Безысходная нужда в чужом, разоренном войной Берлине, две пропахшие керосином и стряпней комнаты в жалком пансионе, вот и все. что оставила своему баловню злодейка-судьба. Наблюдая за грохочущими мимо составами, Арон с завистью вспоминал решимость Анны Карениной и упрекал себя за безволие. «Уж лучше бы этому ребенку и вовсе не рождаться, подумал Арон и быстро перекрестился. Прости, Господи, меня, грешного».
Вернувшись в пансион, он тут же узнал от хозяйки, что стал отцом девочки, что жена перенесла роды тяжело, пришлось пригласить врача, заплатив ему из месячной квартирной платы, которую Арон Исаакович только что внес за август. Добродушная немка смотрела на растерянного жильца полными слез глазами, словно сообщила о постигшей его беде. Ее большое сердце переполняло сочувствие.
Арон Исаакович считался видным мужчиной представительная внешность крупного интеллигентного еврея, бархатный спокойный баритон, внимательные глаза, поблескивающие за стеклами пенсне, располагали к нему людей и неизменно привлекали внимание женского пола.

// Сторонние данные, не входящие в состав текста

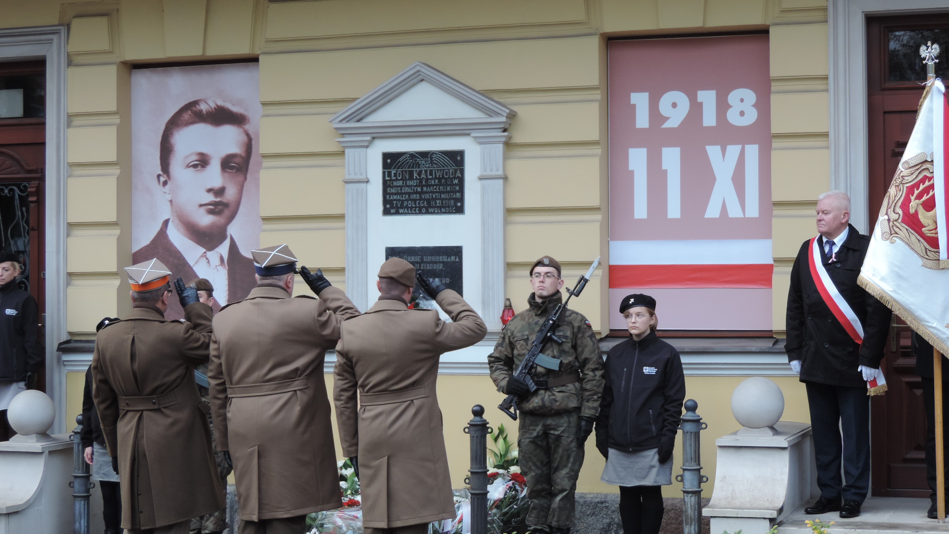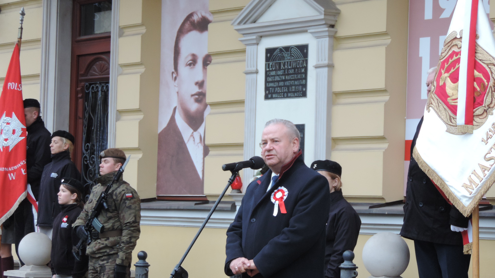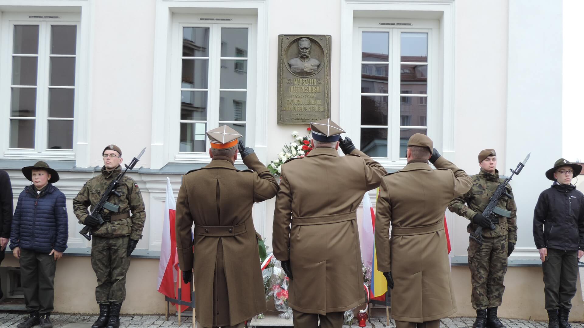 Kwiaty z okazji Święta Niepodległości złożono w Łomży także pod tablicą na tzw. Domku Pastora, która upamiętnia pobyt w tym mieście Józefa Piłsudskiego, a główne uroczystości rocznicowe rozpoczęły się o 13:00 na ul. Sienkiewicza, gdzie poległ 101 lat temu dowódca łomżyńskiego okręgu POW - Leon Kaliwoda.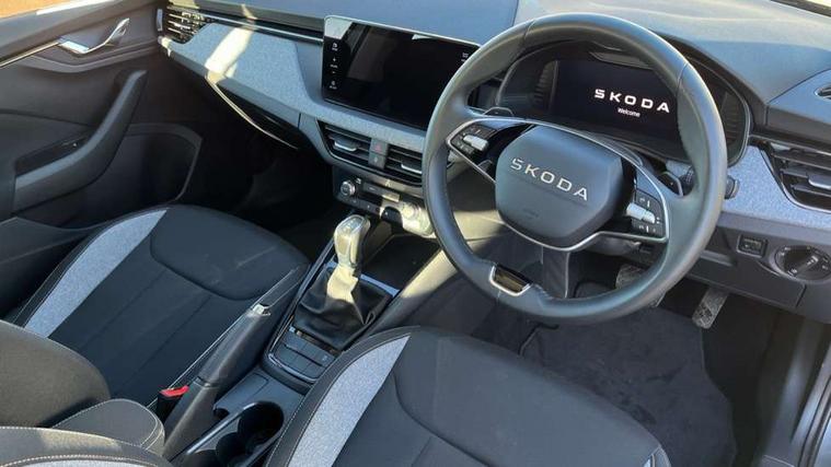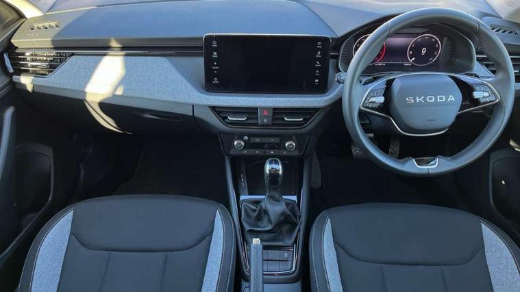 Advanced driver attention and drowsiness monitor, Bluetooth, e-Call (emergency call), Front assist system, PAS, Rear parking sensors, Rear view camera, Speed limiter, Tailgate, Traffic sign recognition, Virtual Cockpit - 10.25" digital display, Voice control system, Wireless smartlink, 4 USB C ports, 8 Speakers, 9.2" Skoda navigation display, DAB radio, Auto dimming rear view mirror, Automatic headlamp activation with Coming home and Leaving home feature, Automatic high/low beam, Body colour bumpers, Body colour door mirrors and handles, Chrome moulding around grille, Front and rear electric windows, Full LED headlights, Heated rear window, LED 3rd brake light, LED brake lights, LED daytime running lights, LED front turning lights, LED high beam, LED low beam, LED taillights, Rear LED fog light, Rear side wing doors, Rear wiper, Tinted windows, Unique dark chrome design logo on alloy wheels, 12V socket in luggage compartment, 3 seat bench in 2nd row, Black / Grey armrest stitching, Black hotstamping, Cargo elements, Chrome inner door handles, Door inserts in satin black, Driver and passenger sun visors with vanity mirror, Dual zone climate control, Front and rear roof lights, Front centre armrest, Front head restraints, Glasses storage in roof liner, Height adjustable driver seat, Height adjustable passenger seat, Ice scraper, Illuminated glove compartment, Inner circulation control with pollen filter, ISOFIX for front passenger seat, Isofix preparation for back seats, Leather gearknob and handbrake lever, Loft cloth upholstery, Luggage net under rear parcel shelf, Manual lumbar support for front seats, Net package and top tether hooks in boot space, Pearl grey ceiling, Pocket on the back of both front seats, incl. mobile phone pockets, Single front passenger seat, Skoda lettering on steering wheel, Textile floor mats, Third rear headrest, Ticket holder, Top tether for front passenger seat, Umbrella in driver's door, 3x3 point rear seatbelts, ABS, Child locks, Curtain airbags and front side airbags, Disc brakes, Driver and front passenger airbags, ESP, Hill hold control, Manual leather parking brake, One tone horn, Passenger airbag switch off function, Seatbelt reminder for driver and front passenger, Tyre pressure monitoring system, Anti theft alarm system with interior monitoring, backup horn and towing protection, Anti-theft wheel bolts, Remote central locking with 2 remote folding keys, SAFE function for remote central locking, Decord pad, door inserts Kota uni,

Забывший о своих сибаритских привычках в эмигрантской нищете, быстро опустившийся российский барин не предполагал, что все еще владеет солидным достоянием.
Анна Васильевна очаровательная Анюта Рыжкова, без устали танцевавшая на питерских балах, так и не оправилась после рождения дочери. Прохворав несколько месяцев и окончательно завершив стремительный переход от светской прелестницы к молчаливой, одутловатой, выплакавшей синие глаза страдалице, она переселилась в иной, должно быть, лучший мир.
Окончательно растерявшийся вдовец с полугодовалым ребенком на руках, отсутствием средств и воли к существованию, подумывал о самоубийстве. Дочка не вызывала у него никаких эмоций, кроме ужаса безысходности и чувства вины перед крошечным, зачатым им не к добру существом. Чадолюбивый семьянин, Арон Галлштейн, мечтавший о куче детворы, резвящейся на лужайках питерского имения, стал детоненавистником. Он вообще сильно изменился. И когда в доме приятелей-эмигрантов познакомился с вдовой берлинского фабриканта-обувщика, делавшей ему «виды», вместо того, чтобы пресечь заигрывания, произвел незамедлительный расчет. Хильда Бунтфельд полная, веснушчатая, жизнерадостная, сверкавшая бриллиантовым кулоном на пухлой, складчатой шее, оказалась выгодной партией.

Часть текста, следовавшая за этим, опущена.